- **WHAT TO PRODUCE**
Starting with the first line of the material, reproduce exactly each line up to and including the one that contains "Hoekbank Monet is", leaving out every picture.

- **SUPPLIED DATA**
-------------------------

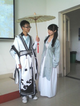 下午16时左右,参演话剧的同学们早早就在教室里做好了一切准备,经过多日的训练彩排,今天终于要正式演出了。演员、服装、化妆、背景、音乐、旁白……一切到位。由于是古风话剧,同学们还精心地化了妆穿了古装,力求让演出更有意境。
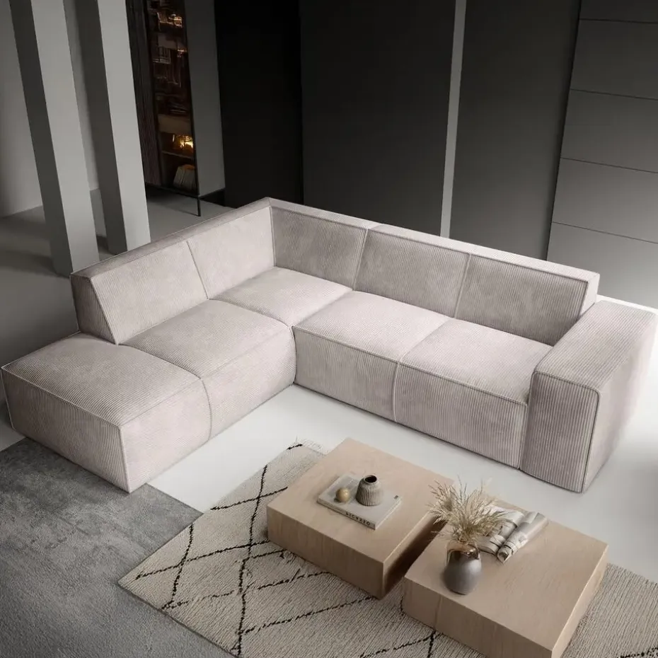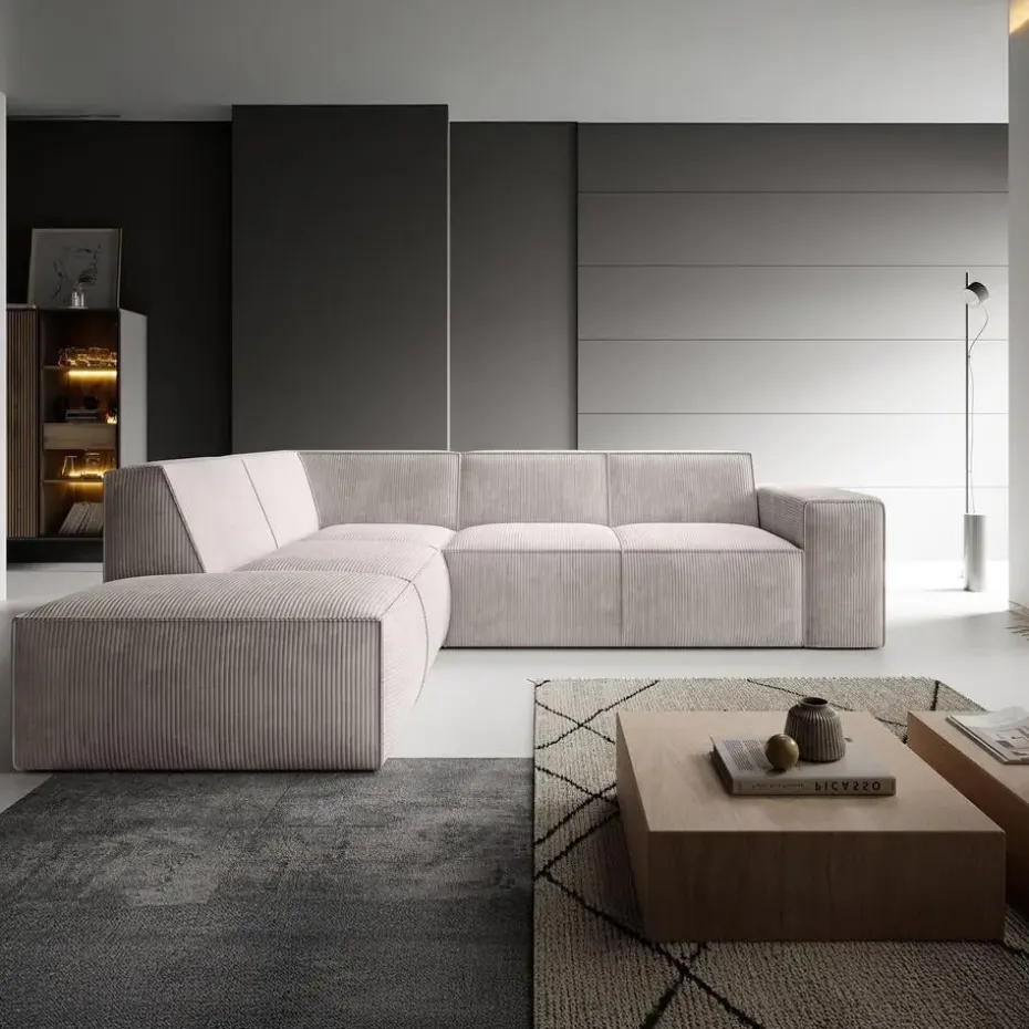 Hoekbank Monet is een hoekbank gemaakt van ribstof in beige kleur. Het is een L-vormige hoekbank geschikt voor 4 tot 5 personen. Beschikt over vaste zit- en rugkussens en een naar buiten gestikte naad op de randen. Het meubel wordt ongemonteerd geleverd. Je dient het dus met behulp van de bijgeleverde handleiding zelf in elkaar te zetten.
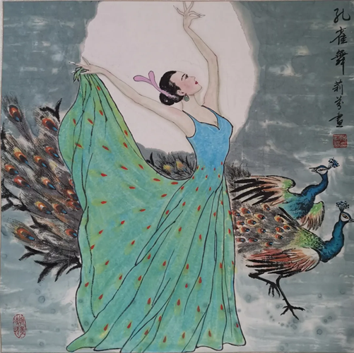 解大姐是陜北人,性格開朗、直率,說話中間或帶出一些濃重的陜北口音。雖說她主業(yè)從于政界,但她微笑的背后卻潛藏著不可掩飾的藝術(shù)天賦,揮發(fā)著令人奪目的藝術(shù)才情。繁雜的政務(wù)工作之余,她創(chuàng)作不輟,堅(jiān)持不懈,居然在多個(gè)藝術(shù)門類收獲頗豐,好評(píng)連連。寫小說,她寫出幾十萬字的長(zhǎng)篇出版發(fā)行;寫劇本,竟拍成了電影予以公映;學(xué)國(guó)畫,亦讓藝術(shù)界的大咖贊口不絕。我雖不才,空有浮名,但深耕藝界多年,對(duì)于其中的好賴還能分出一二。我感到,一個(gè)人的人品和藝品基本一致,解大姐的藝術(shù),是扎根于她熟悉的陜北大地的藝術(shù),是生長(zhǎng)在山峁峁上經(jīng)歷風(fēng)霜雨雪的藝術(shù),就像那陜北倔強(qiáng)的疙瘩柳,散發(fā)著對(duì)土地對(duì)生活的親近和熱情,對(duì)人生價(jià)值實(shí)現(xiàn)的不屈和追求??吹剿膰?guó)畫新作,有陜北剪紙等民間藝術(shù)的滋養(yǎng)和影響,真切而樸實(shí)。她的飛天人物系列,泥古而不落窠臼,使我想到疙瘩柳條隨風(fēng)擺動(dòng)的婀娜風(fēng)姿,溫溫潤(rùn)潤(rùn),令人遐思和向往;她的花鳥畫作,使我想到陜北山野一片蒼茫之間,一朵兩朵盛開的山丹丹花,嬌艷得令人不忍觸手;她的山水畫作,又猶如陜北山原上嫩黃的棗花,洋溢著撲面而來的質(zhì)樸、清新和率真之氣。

-------------------------

- **ANSWER FOR THE TASK**
 下午16时左右,参演话剧的同学们早早就在教室里做好了一切准备,经过多日的训练彩排,今天终于要正式演出了。演员、服装、化妆、背景、音乐、旁白……一切到位。由于是古风话剧,同学们还精心地化了妆穿了古装,力求让演出更有意境。
 Hoekbank Monet is een hoekbank gemaakt van ribstof in beige kleur. Het is een L-vormige hoekbank geschikt voor 4 tot 5 personen. Beschikt over vaste zit- en rugkussens en een naar buiten gestikte naad op de randen. Het meubel wordt ongemonteerd geleverd. Je dient het dus met behulp van de bijgeleverde handleiding zelf in elkaar te zetten.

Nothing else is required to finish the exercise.